Could you transcribe exactly the lines below, from the line with "Preciosa cama infantil" through the line with "有醫界研究指出,醫療、布口罩無法完全過濾病毒。(路透)醫界初步研究 醫用口罩無法阻止病毒外漏 - 國際", and nothing else, leaving out the pictures?
*** Opening MATERIALS PROVIDED ***
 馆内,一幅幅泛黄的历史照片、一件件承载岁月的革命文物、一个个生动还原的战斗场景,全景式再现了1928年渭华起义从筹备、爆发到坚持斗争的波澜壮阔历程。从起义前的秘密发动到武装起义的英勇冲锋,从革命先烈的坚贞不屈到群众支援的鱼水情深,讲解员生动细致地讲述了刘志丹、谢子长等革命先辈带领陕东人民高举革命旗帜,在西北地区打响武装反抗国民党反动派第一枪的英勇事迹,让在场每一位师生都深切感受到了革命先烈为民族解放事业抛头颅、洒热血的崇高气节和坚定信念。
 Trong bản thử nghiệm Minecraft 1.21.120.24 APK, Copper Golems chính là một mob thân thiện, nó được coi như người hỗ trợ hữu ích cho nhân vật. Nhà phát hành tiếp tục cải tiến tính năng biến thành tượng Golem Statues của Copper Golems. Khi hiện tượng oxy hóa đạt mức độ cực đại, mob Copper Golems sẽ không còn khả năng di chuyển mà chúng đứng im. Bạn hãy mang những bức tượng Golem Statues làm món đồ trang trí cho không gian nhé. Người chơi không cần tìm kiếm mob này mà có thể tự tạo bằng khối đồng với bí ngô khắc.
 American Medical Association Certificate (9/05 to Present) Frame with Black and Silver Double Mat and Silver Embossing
*** Closing MATERIALS PROVIDED ***
*** Opening MATERIALS PROVIDED ***
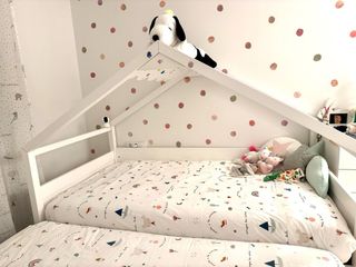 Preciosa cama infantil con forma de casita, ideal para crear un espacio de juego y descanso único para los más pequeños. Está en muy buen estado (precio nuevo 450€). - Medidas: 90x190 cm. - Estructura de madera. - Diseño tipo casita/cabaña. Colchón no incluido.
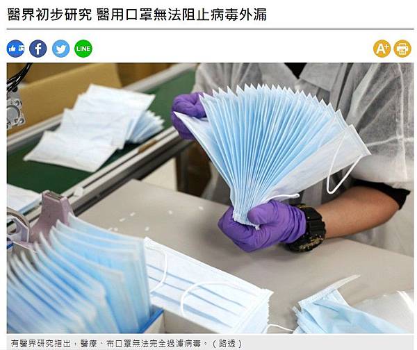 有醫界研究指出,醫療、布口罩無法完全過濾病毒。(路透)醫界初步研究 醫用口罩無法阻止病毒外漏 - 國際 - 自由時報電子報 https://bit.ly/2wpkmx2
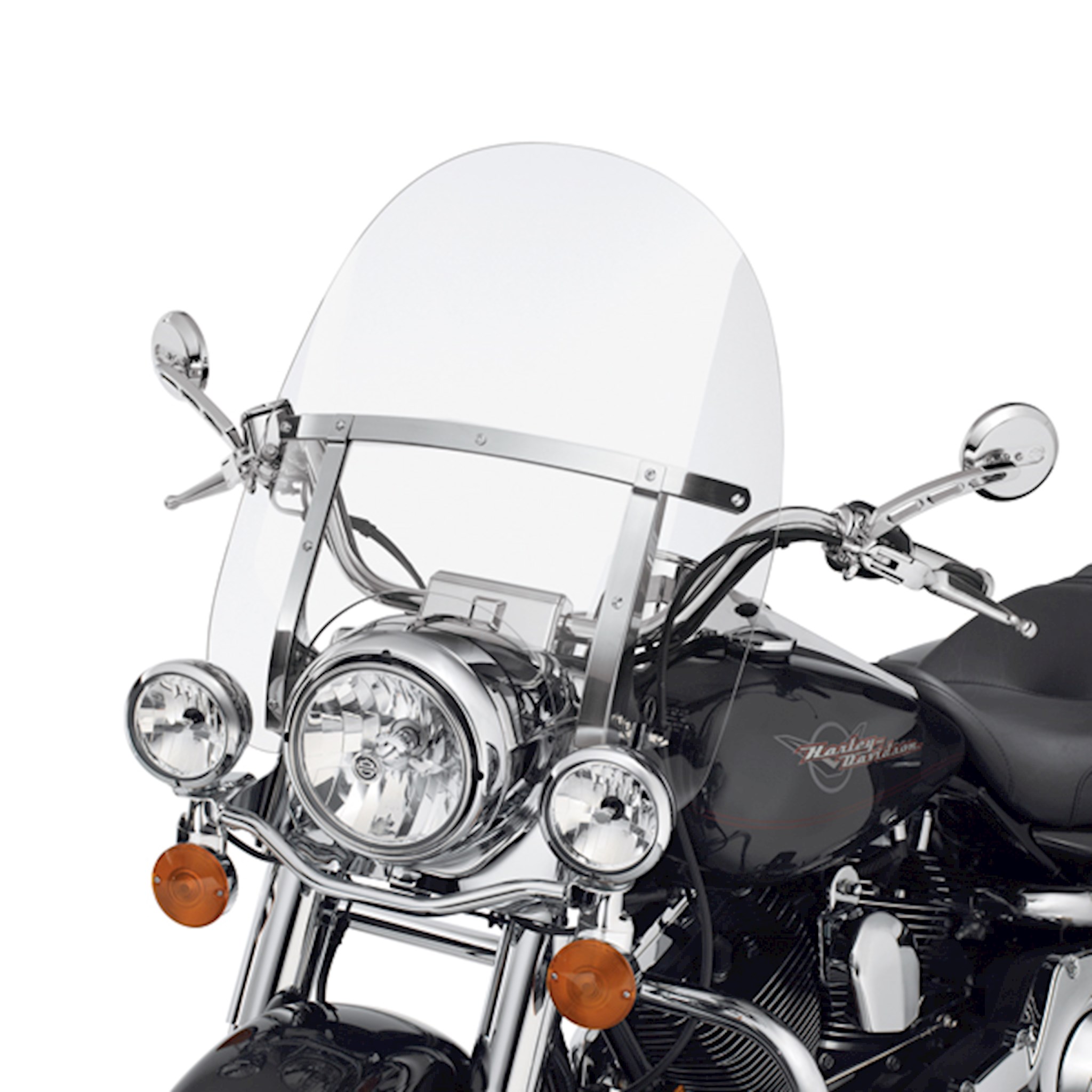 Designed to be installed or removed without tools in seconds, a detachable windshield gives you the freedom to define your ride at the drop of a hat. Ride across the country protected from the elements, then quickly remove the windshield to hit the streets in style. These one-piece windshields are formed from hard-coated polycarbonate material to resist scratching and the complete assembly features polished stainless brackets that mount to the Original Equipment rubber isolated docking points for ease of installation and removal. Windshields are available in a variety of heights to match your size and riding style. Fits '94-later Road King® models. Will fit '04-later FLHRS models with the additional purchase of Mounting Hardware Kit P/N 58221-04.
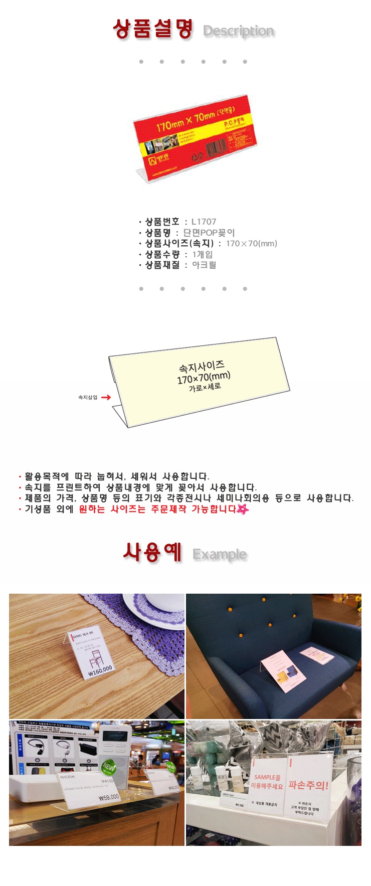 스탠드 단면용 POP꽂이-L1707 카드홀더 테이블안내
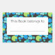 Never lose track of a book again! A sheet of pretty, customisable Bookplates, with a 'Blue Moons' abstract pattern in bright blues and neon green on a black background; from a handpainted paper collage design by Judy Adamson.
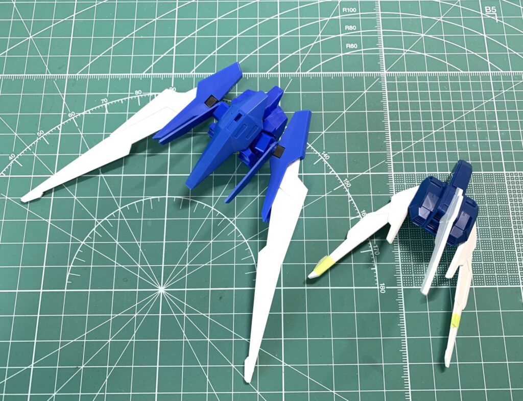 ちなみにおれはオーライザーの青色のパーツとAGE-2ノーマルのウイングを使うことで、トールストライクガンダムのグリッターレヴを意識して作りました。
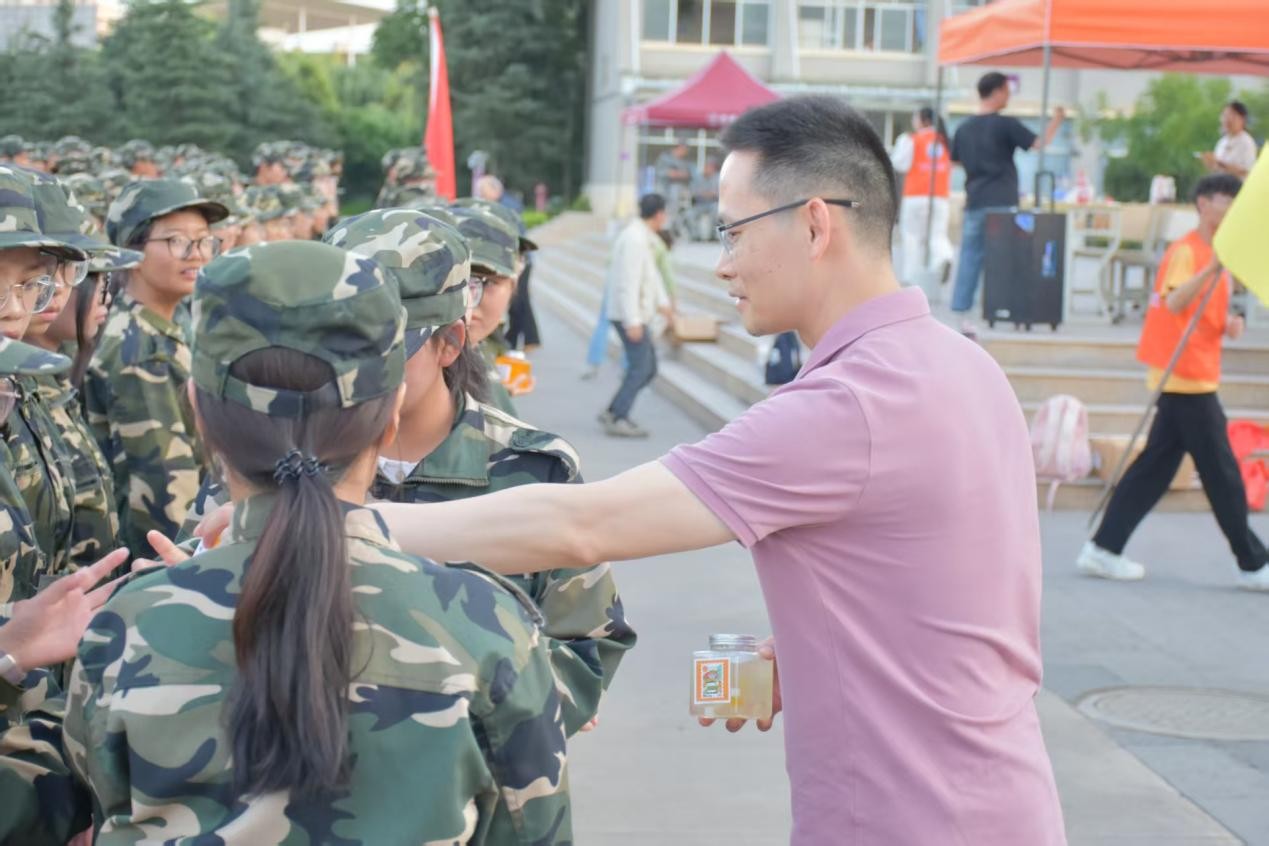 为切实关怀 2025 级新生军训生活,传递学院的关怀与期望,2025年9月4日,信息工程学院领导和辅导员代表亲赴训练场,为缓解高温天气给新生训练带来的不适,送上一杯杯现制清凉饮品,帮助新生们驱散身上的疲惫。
*** Closing MATERIALS PROVIDED ***
> RESPONSE AREA
 Preciosa cama infantil con forma de casita, ideal para crear un espacio de juego y descanso único para los más pequeños. Está en muy buen estado (precio nuevo 450€). - Medidas: 90x190 cm. - Estructura de madera. - Diseño tipo casita/cabaña. Colchón no incluido.
 有醫界研究指出,醫療、布口罩無法完全過濾病毒。(路透)醫界初步研究 醫用口罩無法阻止病毒外漏 - 國際 - 自由時報電子報 https://bit.ly/2wpkmx2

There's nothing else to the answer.